Com a cristianização dos rituais do Equinócio da Primavera em que, à renovação primaveril em que a semente morre para renascer fazendo uma alusão à morte e ressurreição de Cristo, muitas das tradições alimentares mantiveram-se. O folar é uma das mais fortes a par do sacrifício do animal jovem como o cabrito ou o cordeiro (em muitos locais dito de anho). Por isso, é o folar encimado com ovos remetendo-nos estes para a fertilidade pois, para além de alimento, é vida que eles transportam no seu interior. Seja em que formato for, os ovos não deixam de fazer parte do folar.

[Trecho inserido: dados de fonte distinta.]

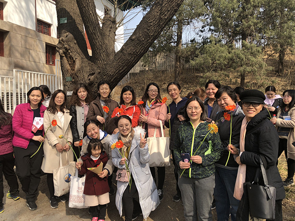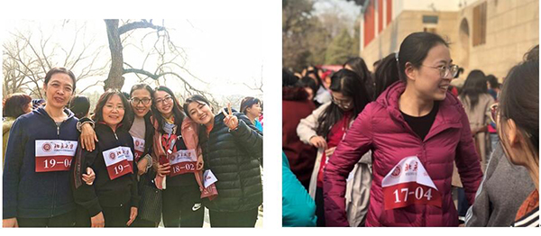 工会为学院女教职工精心准备了以“美丽绽放”为主题的三八节系列活动。 活动一:为“女神们”献上美丽的鲜花和小礼品 图1 节日礼物 3月7日,满载礼品、饱含爱意的工会小分队出现在逸夫贰楼,向每位女教师送去自制的贺卡、美丽的鲜花和暖心小礼品,同时致以节日的温馨祝福。收到礼物的老师个个洋溢着幸福的微笑,全院沉浸在一片欢声笑语,喜悦的节日氛围中。“美丽绽放”三八节系列活动以鲜花拉开序幕。 图2 每位老师都洋溢着幸福的微笑 活动二:组队参加北大女教职工“环湖接力跑”活动 3月8日中午,学院组队参加了由肉视频
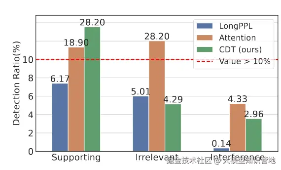 我们在合成任务上对比了三种检测方法:LongPPL、基于注意力的检测和 CDT。如图 9 所示,基于注意力的方法虽然能检测到大量关键 token,但同时也误检了许多不相关 token;LongPPL 虽能抑制噪声检测,但难以准确定位支持 token;而 CDT 不仅在关键 token 检测上表现最佳,还能有效抑制噪声 token。
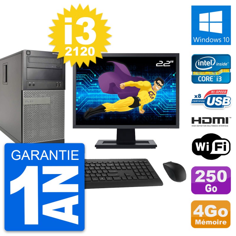 PC Tour Dell 390 - Intel Core i3-2120 3.3 Ghz (3 Mo) - 4 Go DDR3 - Disque Dur 3,5" 250 Go - Graveur DVD - Clef Wifi USB - Windows 10 - Livré avec Ecran 22" + clavier + souris (Marques et modèles variables) - Garantie 1 an.
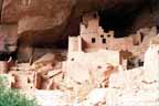 Well, it poured again last night. Surprisingly enough Laura and I stayed pretty dry. We went to the Mesa Verde museum and then to Cliff Palace. Most of us then received our Junior Ranger badges. We arrived at Red Rock camp ground in New Mexico around 4:30 PM. At 5:30 PM we left to do our wash and shop. Half of us went to the grocery store, the other half to the laundromat. I went to the grocery store. We bought more food then we'll need, but at least we won't run out. When everyone was done we went to the laundromat to help out the others. It was pretty fun. We didn't get back to the campsite until almost 9:00 PM! Many of us had boughten meat at the store to eat for supper that night, but it was too late to cook it. We were told we'd have to cook it in the morning for breakfast! Somehow I doubt I'll be able to eat a cheeseburger at 7:00 in the morning! We didn't even bother to set up our tents. We just laid our tarps out on the sand and threw our sleeping bags on top and went to sleep.
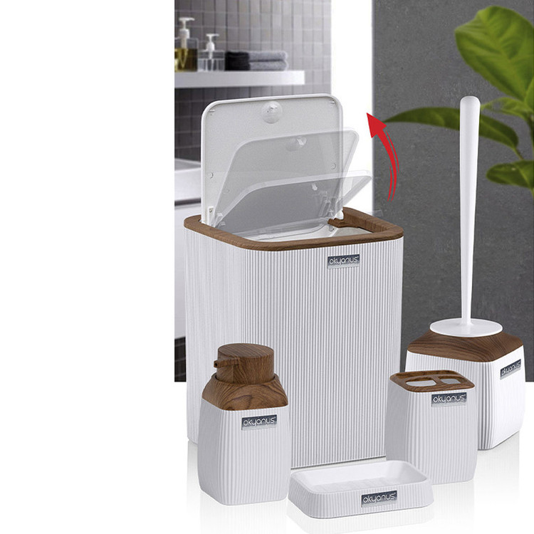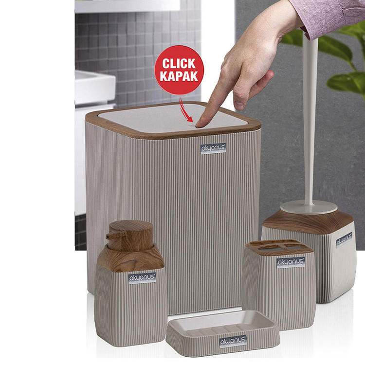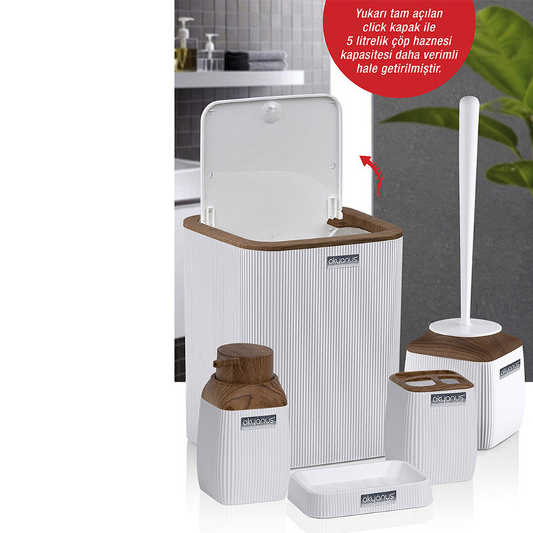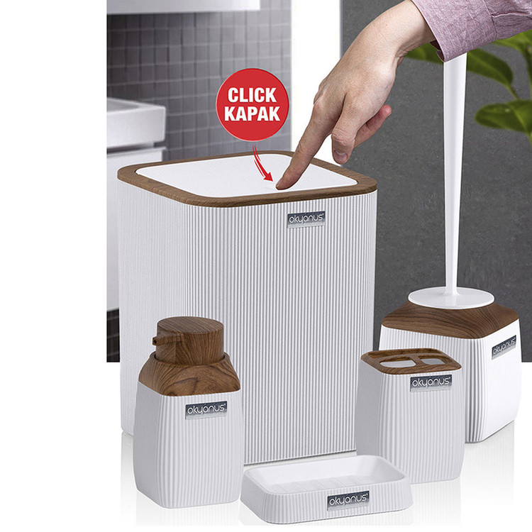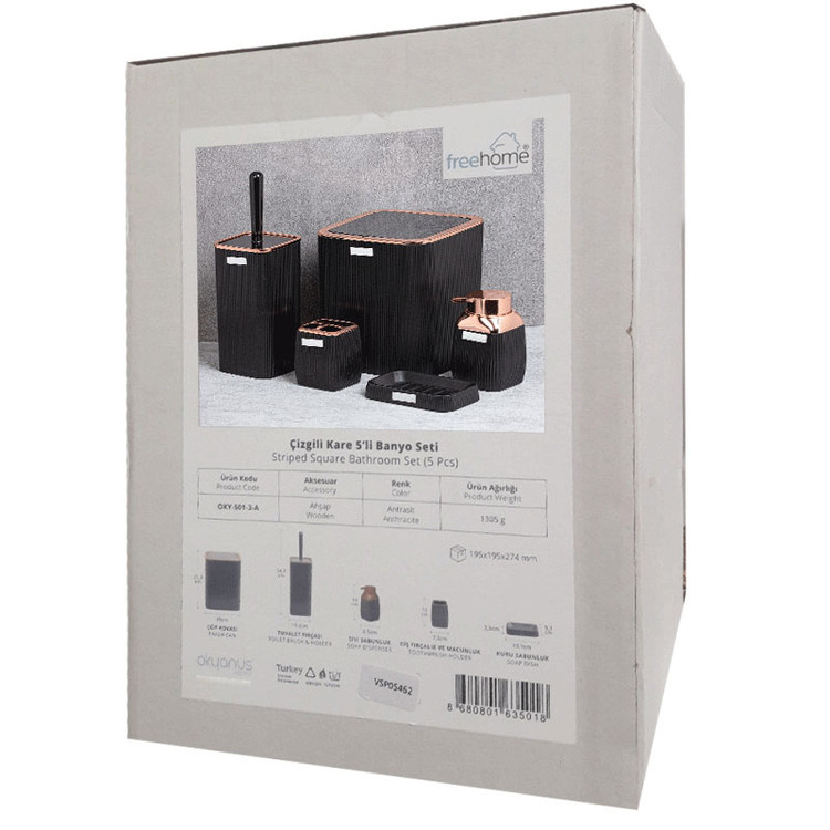 جدیدترین ست سرویس بهداشتی 5 پارچه ساخت فری هوم ترکیه پیشرو در صنعت بهداشت و لوازم خانگی، این ست 5 پارچه تمام نیازهای موجود در حمام و سرویس های بهداشتی را برطرف می نماید، محصولی بسیار کاربردی به همراه کیفیت و زیبایی. این مجموعه زیبا از آکریلیک تولید شده است که ماندگاری بسیار بالایی دارد. دارای استانداردهای ایمنی و سلامت بهداشت انسان از اروپا را دارد و محصولی صادراتی به اروپا می باشد. شامل سطل درب دار، فرچه و ظرف مخصوص آن، جا مسواکی، جامایع پمپی و جاصابونی می باشد.تمامی اقلام قابلیت شستوشو دارند و میتوانید با خیالی آسوده، آنها را بشویید. با این ست بهداشتی، زیبایی محیط و سرویس ها چندین برابر میشود.

Até os interessantes e distintivos formatos que predominam no distrito de Portalegre como o lagarto e a boneca os incluem. Talvez por isso seja possível perceber que padrinho que se preze oferece um exemplar com muitos ovos. O tempo é de acreditar de que o futuro vai ser de abundância no celeiro.
Mas se a cultura, ou seja, os homens fazem a gastronomia, também a geografia tem aqui o seu protagonismo. E na verdade, é delicioso perceber a diversidade de folares que temos pelo país. Se em Trás-os-Montes nos deixamos deliciar pelos folares com carnes a remeter para a importância que o ciclo do porco e consequente fumeiro tem pelo Nordeste de Portugal, já os pães doces ditos folares da Beira Alta apresentam como ingrediente proeminente, o azeite, o que lhes confere um sabor acentuado.
Por seu lado, a Beira Litoral tem o seu folar doce onde, para além da farinha de trigo, dos ovos e do açúcar, o leite e manteiga dão-lhe a leveza que os caracteriza. Descendo para o sul do país, encontramos os lindos folares de Castelo de Vide e Portalegre onde em forma de lagarto ou boneca os folares são oferecidos aos afilhados. No extremo sul de Portugal somos surpreendidos pelo folar algarvio onde entre as camadas da massa do folar é adicionado aguardente de medronho, açúcar amarelo e canela.
Seja em que formato for, a verdade é que somos reféns do sabor tranquilo e doce do folar que nos acompanha numa viagem pelos cheiros da Primavera como as glicínias que têm o condão de se abrir ao mundo quando festejamos a Páscoa. De tal forma, que as luzes que brilham na noite escura da Procissão dos Passos do Senhor ou o tinir do sino do compasso sabem sempre aquele folar doce que nos enche o coração e nos faz comer sem saber porquê, sabendo sempre mais e melhor quando partilhado à mesa com a família que se reúne ou com os amigos que nos visitam em casa trazendo até nós a amizade de sempre.
Páscoa é folar, talvez porque antes precisávamos de tal partilha com a comunidade e com a divindade para sentirmos o conforto de um futuro próspero e pródigo. É assim o folar, antes penhor de gratidão com a natureza, com a divindade, hoje alimento para o físico e para alma.